The Christian Reformed Centre for Public Dialogue is encouraging people to contact their Members of Parliament (MPs) in response to the recommendations of the Standing Committee on Health from the study on Motion M47. This study examined the harmful effects of sexually violent online images, particularly their effects on children. The final recommendations of the committee did not include a robust public health response. Defend Dignity strongly encourages Canadians to speak with their MPs before the government responds to the committee’s report. MPs must understand the full scope of a public health response.
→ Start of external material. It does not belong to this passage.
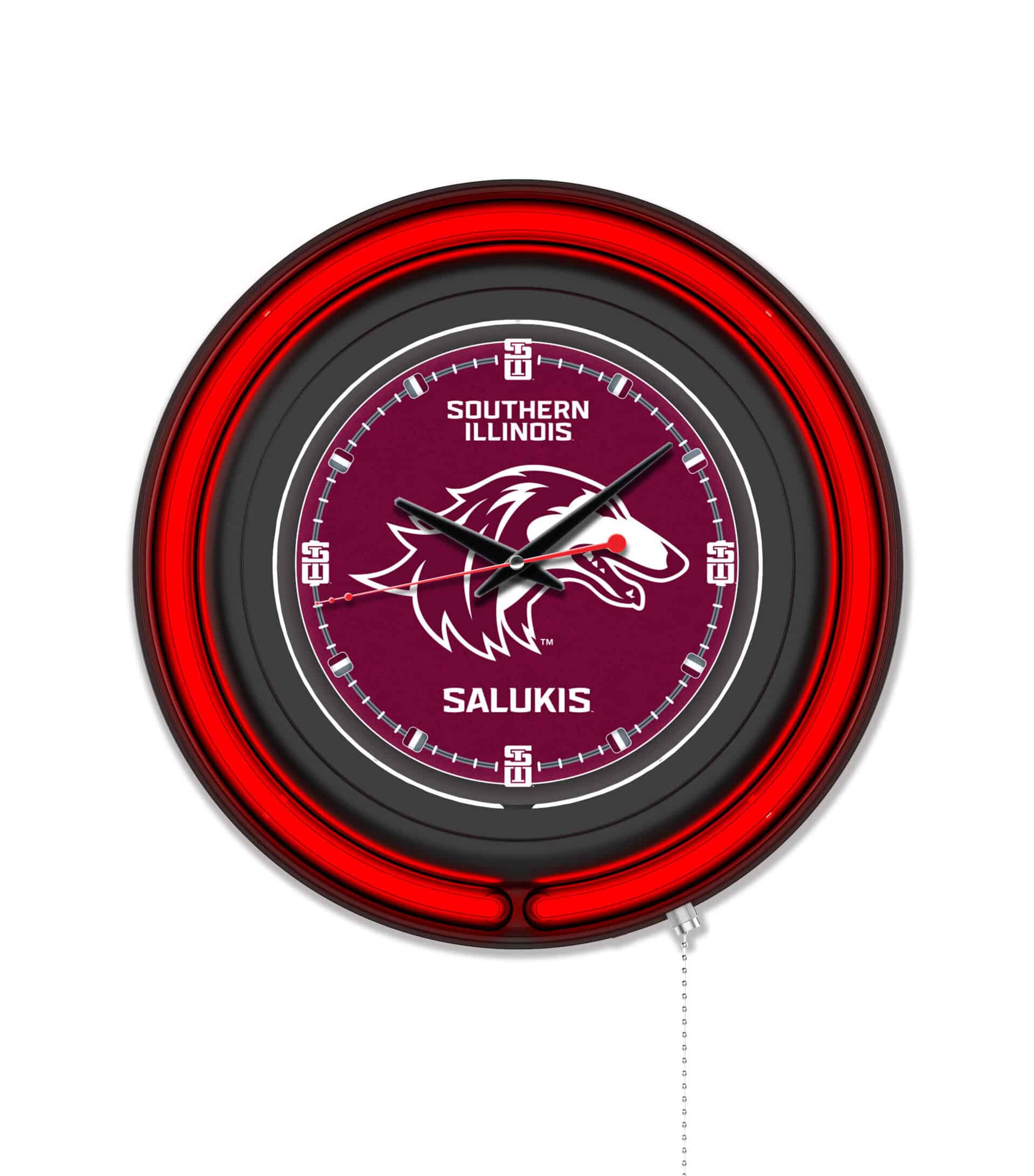 The Southern Illinois University 15-Inch Neon Logo Clock in Black is the ideal addition to your man cave, showcasing your school pride with vibrant colors and stylish design. This clock features a striking black casing and a neon outer ring that highlights a custom printed clock face illuminated by a brilliant white inner neon ring. Designed for easy operation, the neon rings can be turned on and off with a convenient pull chain. With accurate quartz movement powered by a single AA battery, this clock ensures you’ll always be on time. Perfect as a gift for graduates, sports enthusiasts, or as a personal treat, this clock stands out as a centerpiece in any space.

An excellent example of a public health response is the Canadian government’s response to the tobacco crisis. One of the responses was to promote strong public education about the harms of tobacco. Pornography is also severely harmful and addictive, changing neural pathways in users’ brains and is therefore especially harmful to young, developing brains. There must be education on the harms of pornography. That can be done by schools, public health units, doctors; all need to learn about its harms first in order to educate others, watch for its effects among those in their care, and be able to treat it. As with tobacco products, government needs to put clear warning labels on all print and internet pornography. An age verification system for accessing porn must be in place just as there is with purchasing tobacco or alcohol. The United Kingdom is implementing such an action soon.
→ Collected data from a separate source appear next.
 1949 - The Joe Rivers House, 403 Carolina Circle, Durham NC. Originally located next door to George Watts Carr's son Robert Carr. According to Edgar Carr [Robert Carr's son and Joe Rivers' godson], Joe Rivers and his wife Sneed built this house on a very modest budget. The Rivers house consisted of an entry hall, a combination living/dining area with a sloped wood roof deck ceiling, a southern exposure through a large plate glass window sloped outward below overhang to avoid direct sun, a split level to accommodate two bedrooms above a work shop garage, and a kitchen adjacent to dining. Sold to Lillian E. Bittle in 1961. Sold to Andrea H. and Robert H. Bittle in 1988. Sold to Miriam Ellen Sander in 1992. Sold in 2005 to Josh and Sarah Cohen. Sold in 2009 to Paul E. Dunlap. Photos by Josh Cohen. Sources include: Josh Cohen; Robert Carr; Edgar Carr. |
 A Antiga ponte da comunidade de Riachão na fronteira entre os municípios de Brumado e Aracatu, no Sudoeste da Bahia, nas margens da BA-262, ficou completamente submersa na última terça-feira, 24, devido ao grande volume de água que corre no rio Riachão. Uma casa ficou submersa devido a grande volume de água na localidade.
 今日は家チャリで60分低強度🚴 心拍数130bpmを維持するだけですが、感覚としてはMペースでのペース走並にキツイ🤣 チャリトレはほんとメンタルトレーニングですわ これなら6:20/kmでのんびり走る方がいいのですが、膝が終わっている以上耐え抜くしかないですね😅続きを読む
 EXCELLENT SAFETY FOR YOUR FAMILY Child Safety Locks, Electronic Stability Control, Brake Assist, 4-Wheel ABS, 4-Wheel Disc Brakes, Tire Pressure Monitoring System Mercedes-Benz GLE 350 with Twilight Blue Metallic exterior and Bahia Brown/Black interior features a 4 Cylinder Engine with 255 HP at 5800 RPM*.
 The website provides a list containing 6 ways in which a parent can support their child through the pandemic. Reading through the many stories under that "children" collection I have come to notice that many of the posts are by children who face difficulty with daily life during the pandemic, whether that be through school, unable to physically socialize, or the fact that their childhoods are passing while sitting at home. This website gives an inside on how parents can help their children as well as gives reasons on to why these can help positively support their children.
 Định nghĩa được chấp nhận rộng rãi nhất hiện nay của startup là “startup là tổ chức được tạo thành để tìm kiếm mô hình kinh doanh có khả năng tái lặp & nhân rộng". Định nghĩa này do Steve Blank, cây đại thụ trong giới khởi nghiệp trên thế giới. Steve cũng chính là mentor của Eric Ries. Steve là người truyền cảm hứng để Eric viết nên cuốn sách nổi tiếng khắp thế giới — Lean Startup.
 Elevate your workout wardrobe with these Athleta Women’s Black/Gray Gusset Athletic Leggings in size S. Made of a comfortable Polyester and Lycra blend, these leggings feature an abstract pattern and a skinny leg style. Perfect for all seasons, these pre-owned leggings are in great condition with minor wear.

Another significant public health response would be a requirement that all internet service providers (ISPs) block pornography as the default and require the consumer to “opt in” if they wished to view this material. This is already being done voluntarily by ISPs in the U.K. If ISPs get on board in Canada, this would be a powerful way to limit access to porn and the harms it causes without significantly denying people’s freedoms.
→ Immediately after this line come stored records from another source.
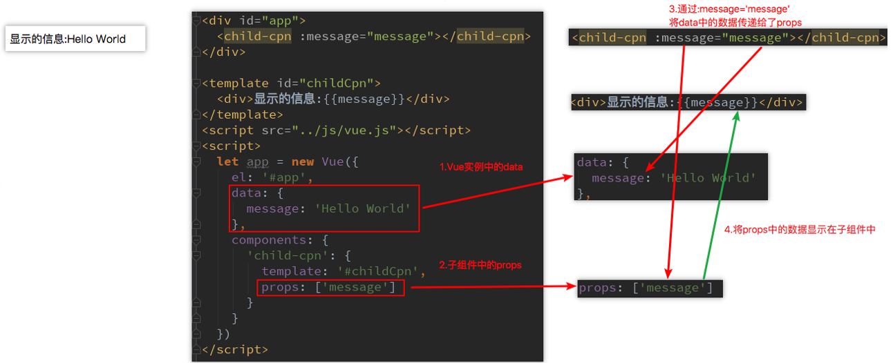 之前我们提到了子组件是不能引用父组件或者Vue实例的数据的。但是,在开发中往往一些数据确实需要从上层传递到下层: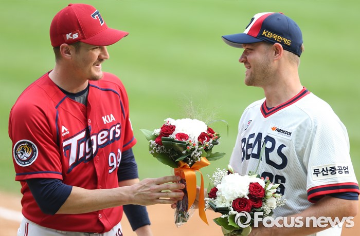 (서울=포커스뉴스) 10일 서울 잠실구장에서 열린 2016 프로야구 KIA-두산 경기에 앞서 두산 투수 보우덴의 노히트노런 시상식을 갖고 KIA 브렛 필이 보우덴에게 꽃다발을 전달하고 있다.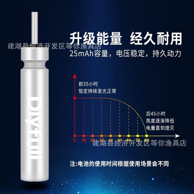 Lembrete amigável: Modelo de bateria CR425, usado principalmente em vários flutuadores luminosos eletrônicos para pesca em água doce e pesca marítima, a bateria tem 2,5 cm de comprimento, 4 mm de diâmetro e tem grande capacidade. (Não jogue fora a bateria depois que ela estiver fraca, deixe-a por um tempo e ela pode ser usada por várias horas e repita esse processo até que a energia acabe. É muito útil para pesca noturna. Certifique-se de retirar a bateria após a pesca para evitar vazamento)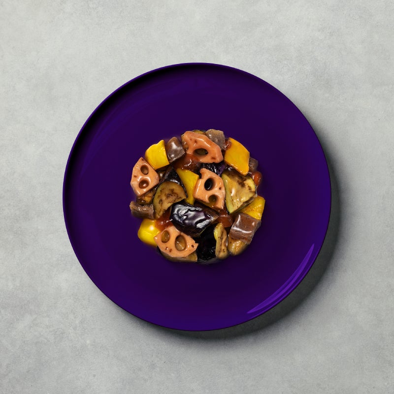 「フルーティーなザクロ酢で仕上げたこんにゃくと4種具材の酢豚風炒め」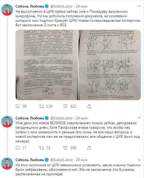 На заседании 7 августа Центральная избирательная комиссия окончательно отказала Любови Соболь в регистрации в качестве кандидата на выборах в Мосгордуму. Члены ЦИК проголосовали единогласно. Для участия в выборах Соболь не хватило 231 подписи.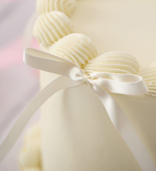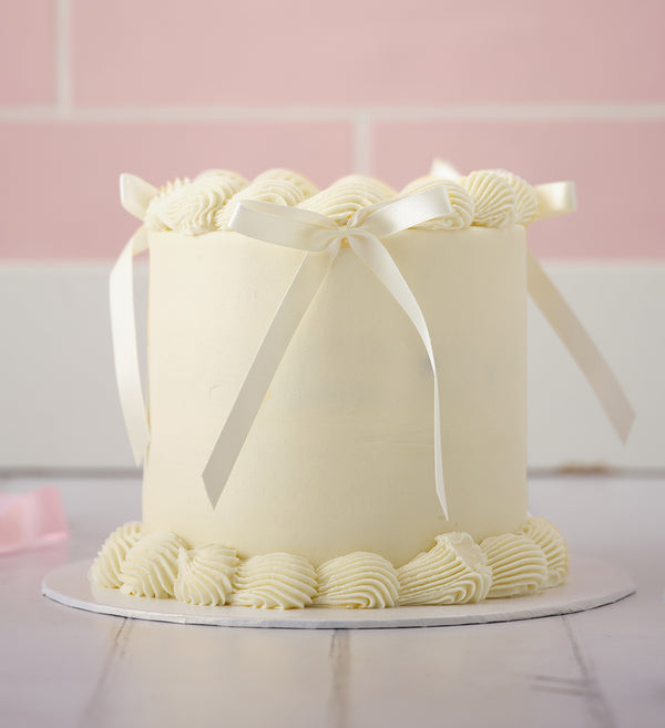 Treat yourself to a slice of simple vintage charm! Decorated with a creamy white vanilla icing and optional matching bows, it’s a nostalgic delight in every bite.

However, like the Lilliputians who tied up Gulliver, we need more than just one rope to tie up the porn giant. While we wait for the government’s response to the health committee report, there are other ways to advocate for change.

Public pressure on companies whose practises allow for the ease of access to pornography is another rope in the Gulliver strategy through the Choose Change Canada campaign.

The goal of Choose Change is to affect positive change among companies and public organizations in Canada that allow for access to pornography. You can help hold them responsible by sending them a pre-written email through the Choose Change website.

Defend Dignity formulated a list of five companies and organizations in Canada that facilitate ease of access to porn.

  • Fairmont Hotels: They sell adult content videos in all their hotel rooms across Canada.
  • Amazon.ca: Canada’s largest online retailer offers over 26,000 pornographic items for sale through their site. Amazon.ca has a policy for third party groups selling on Amazon that prohibits selling items depicting nudity, pornography, and x-rated materials. However, Amazon itself sells many items that would fall in these categories.
  • Toronto Public Library: Canada’s largest library system is a target because they have no filters on their adult public computers. We have a body of evidence proving that patrons, including children, receive exposure to porn in these libraries.
  • And, finally, we are testing the waters with an internet service provider Tek Savvy, to see if they would lead the way among ISPs by blocking porn unless their consumers choose to opt in.

Can this approach make a difference? We celebrate the news that a company that was on our original list of five companies, The Keg restaurant chain, informed us on September 20, 2017 that they will be installing filters on their public WiFi in all their corporate restaurants. (You can read about it here.) Public pressure works!

In his book Half the Sky, Nicholas Kristof says, “When our values are at stake, leadership must come from ordinary citizens like you.” Will you do your part in the Gulliver strategy to tie down the giant of pornography? Each of these ropes together will make a difference.